题目链接:
acm.hdu.edu.cn/showproblem.php?pid=4747
Mex
Memory Limit: 65535/65535 K (Java/Others)
问题描述
Mex is a function on a set of integers, which is universally used for impartial game theorem. For a non-negative integer set S, mex(S) is defined as the least non-negative integer which is not appeared in S. Now our problem is about mex function on a sequence.
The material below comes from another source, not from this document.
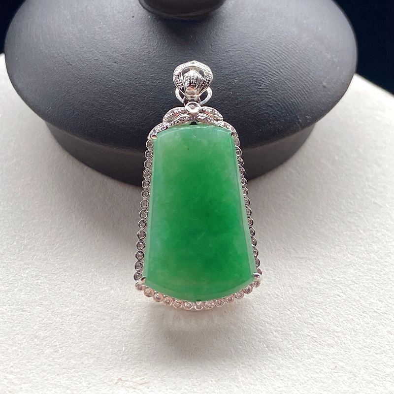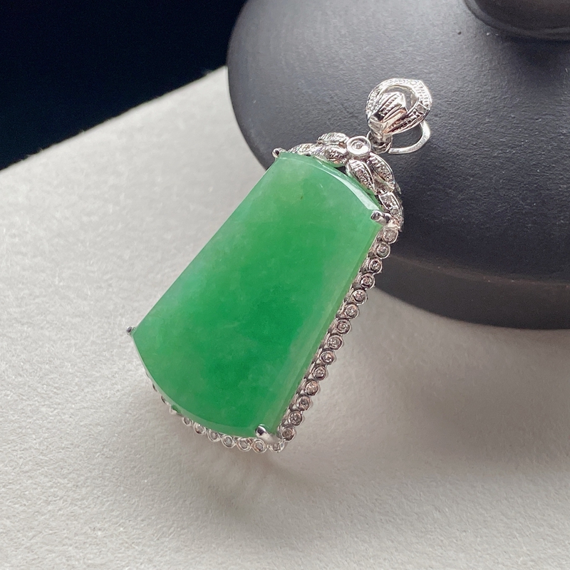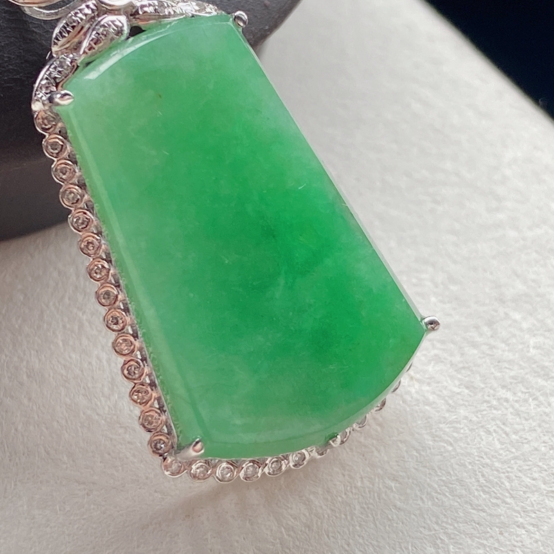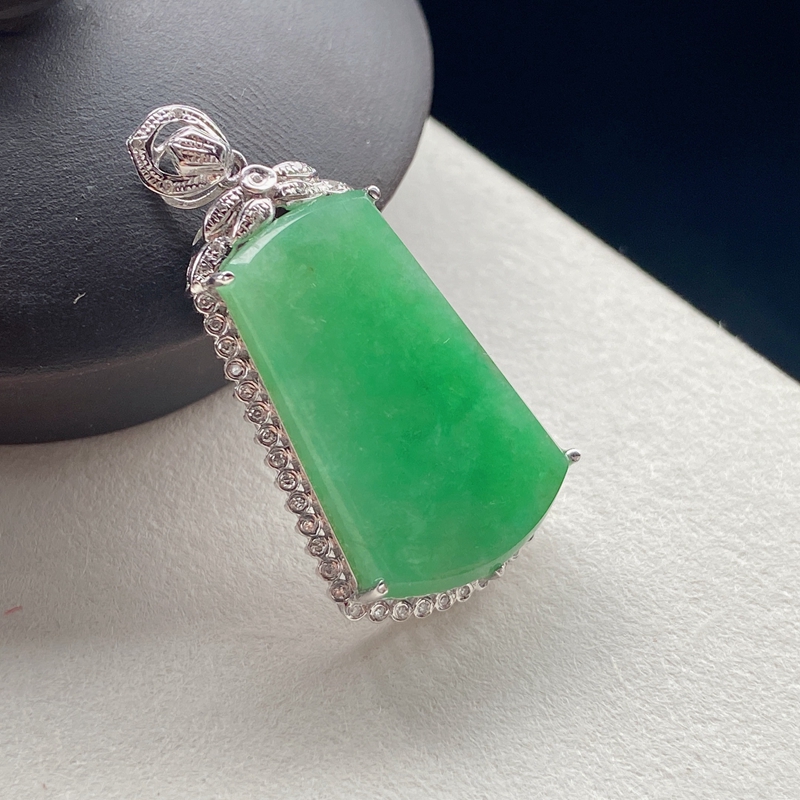• 18K糯冰种浅绿翡翠平安无事吊坠

Consider a sequence of non-negative integers {ai}, we define mex(L,R) as the least non-negative integer which is not appeared in the continuous subsequence from aL to aR, inclusive. Now we want to calculate the sum of mex(L,R) for all 1 <= L <= R <= n.
输入
The input contains at most 20 test cases.
For each test case, the first line contains one integer n, denoting the length of sequence.
The next line contains n non-integers separated by space, denoting the sequence.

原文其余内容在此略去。